Layer 1: Data Classification
  - Classify data as SECRET, SENSITIVE, NORMAL, or PUBLIC
  - Pattern-based detection (passwords, API keys, PII, SSNs, credit cards)
  - PUBLIC/NORMAL → allow immediately

Layer 2: LLM Supervisor
  - Fast model review (Gemini 2.0 Flash, GPT-4o Mini)
  - Decision caching per session (1-hour TTL) to reduce costs
  - Confidence scoring (0.0-1.0)
  - High confidence → auto-allow; low confidence → escalate to human

Layer 3: Human Approval
  - CLI: Color-coded interactive prompt with reasoning
  - Web UI: Modal dialog with sample data preview
  - Temporary grants (1-hour TTL per session + tool)
  - Timeout after 60s → auto-deny

Configuration

In ~/.cortex/config.json:

{
  "supervisor": {
    "provider": "google",
    "model": "gemini-2.0-flash",
    "cacheTTL": 3600
  }
}

See Security Supervisor for the full architecture guide.

Multi-User Authentication (v0.53.0+)

CortexPrism supports multi-user collaboration with:

PBKDF2 password hashing (200,000 iterations, SHA-256, per-user random salt) for user credentials
SHA-256 hashed API tokens stored in the user_tokens table — used for persistent CLI auth via Authorization: Bearer header
Team-based authorization — agents, vault entries, memory, and services are scoped to users and teams
Instance federation — pairing tokens enable trust between Cortex instances; federation_peers table tracks established relationships
Resource sharing — resource_shares table with ownership validation; users can share agents, sessions, and workspace with other users
Authorization guards — requireInstanceAdmin(), requireTeamAdmin(), requireTeamMember(), requireResourceOwner() enforce coarse permission checks on all API routes

AES-256-GCM Vault

API keys and credentials are stored encrypted using:

AES-256-GCM symmetric encryption
PBKDF2 key derivation (200,000 iterations, SHA-256, per-installation random salt)
Passphrase supplied via CORTEX_VAULT_KEY env var (never stored on disk)

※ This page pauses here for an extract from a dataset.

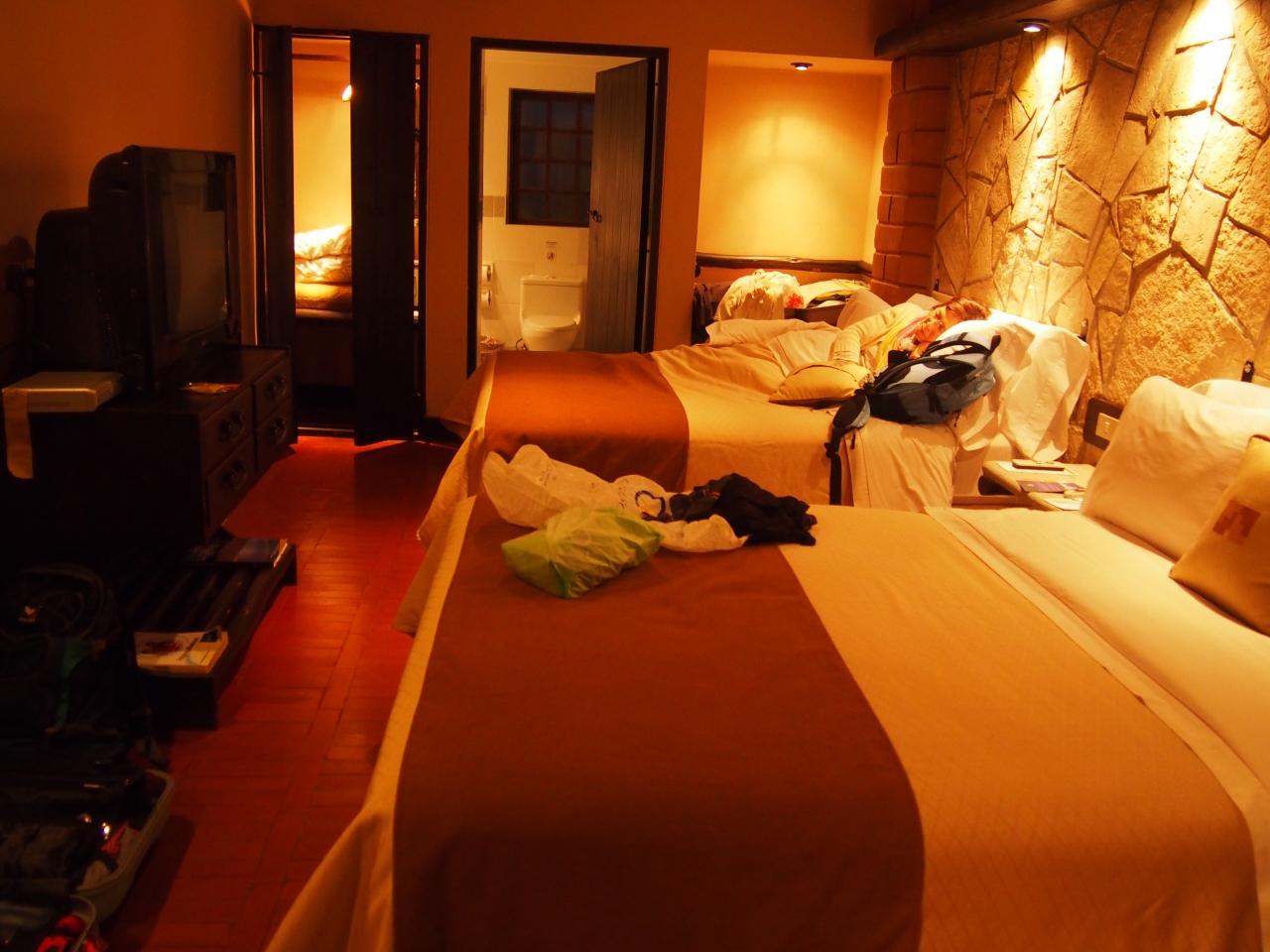 クスコから4335mのラ・ラヤという峠を越え、温泉で足湯をしたりしてもうすっかり暗くなってから到着しました。ロビーにはコカ茶が用意されていました。(いつでも飲める状態です。)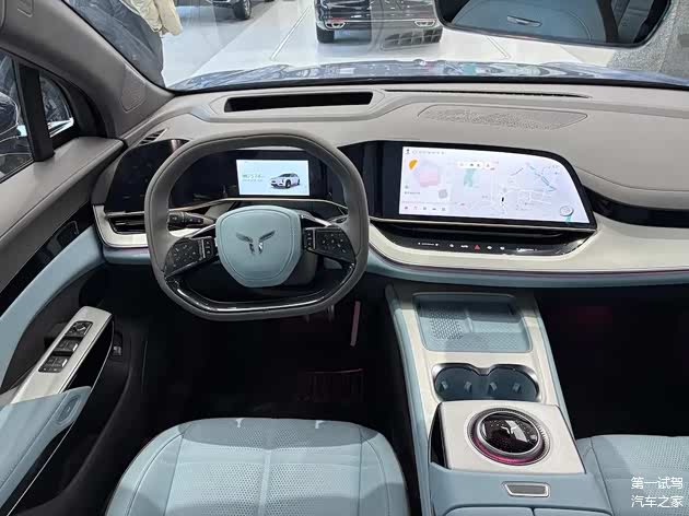 进入车内,不难发现天工08的内饰几乎复制了EH7的内饰。天工08的中控采用了异形双联屏的造型,液晶仪表盘和多媒体显示屏连为一体,15.6英寸的屏幕做了边框弧度处理。也许是因为屏幕做成斜边设计,看起来总觉得屏幕很小,看着很不舒服,完全没有主流新能源那种科技时尚感。

export CORTEX_VAULT_KEY="your-passphrase"
cortex vault store "openai-key" --service openai
cortex vault get "openai-key"

Once vaulted, credentials are removed from config.json plain text. Provider API keys in config are encrypted with AES-256-GCM before writing to disk. Access logging is fire-and-forget to prevent failures from blocking credential retrieval. Usage limits, expiration, and allowed-agent enforcement are checked before decryption.

Cortex Lens (Audit Log)

Append-only audit log in lens.db tracking 35+ event types:

Every LLM call (provider, model, token counts, cost)
Every tool call (name, arguments, result, policy decision)
Every policy evaluation (rule matched, effect, reason)
Every security supervisor decision (classification, LLM review, human approval)
Session start/end events
MQM predictions, observations, and weight updates
Node events (connected, disconnected, heartbeat, directives)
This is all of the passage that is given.